> **Provided data**:
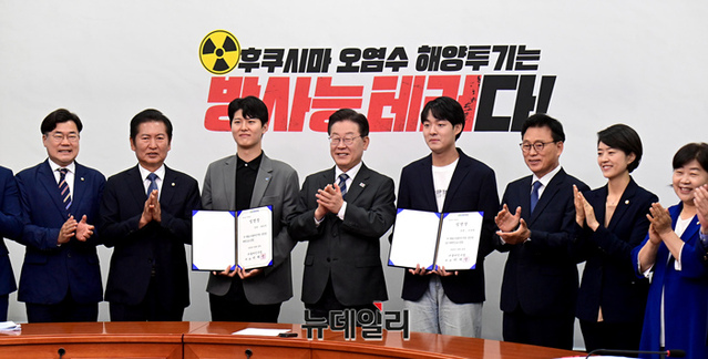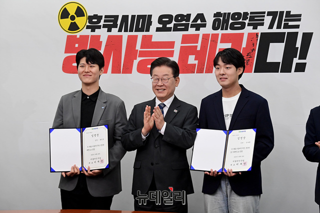 이재명 더불어민주당 대표가 26일 오전 국회에서 열린 청년대변인 임명장 수여식에서 최민석 · 선사윗 청년대변인에게 임명장을 수여 후 기념촬영을 하고 있다.
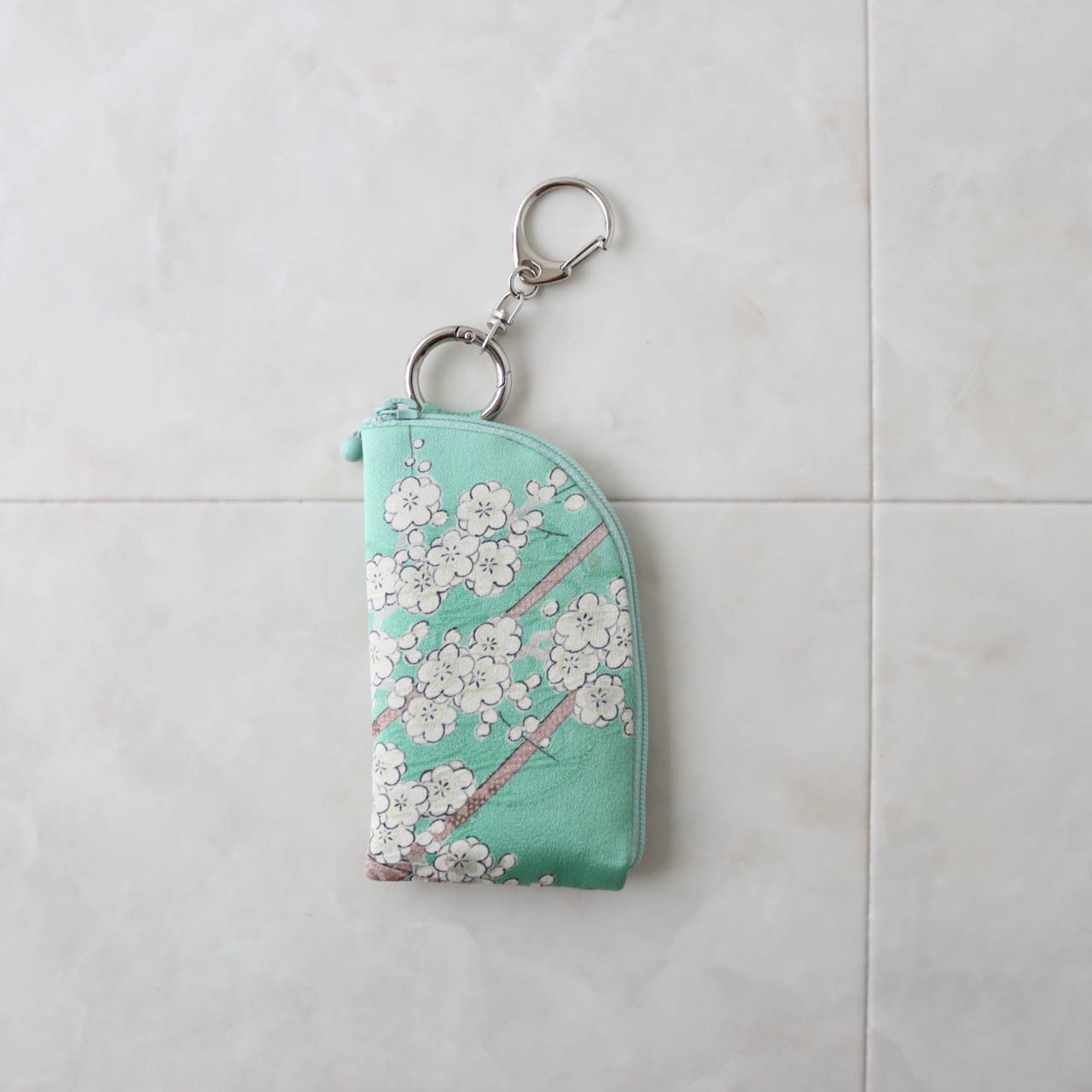 Fan Shaped Pouch/ 白緑に四季花/Flowers on a mint green
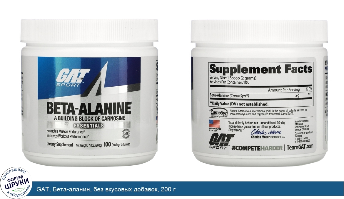 Друзья, если у вас есть отзыв/дополнение/комментарий/вопрос относительно GAT, Бета-аланин, без вкусовых добавок, 200 г - напишите его ответом в эту тему (это будет полезно всему сообществу в целом и вам в отдельности).

> **What to work on**: Please return exactly the lines above, from where the listing starts to the line holding "Fan Shaped Pouch/", inclusive, with the pictures omitted.

> **Answer section**:
 이재명 더불어민주당 대표가 26일 오전 국회에서 열린 청년대변인 임명장 수여식에서 최민석 · 선사윗 청년대변인에게 임명장을 수여 후 기념촬영을 하고 있다.
 Fan Shaped Pouch/ 白緑に四季花/Flowers on a mint green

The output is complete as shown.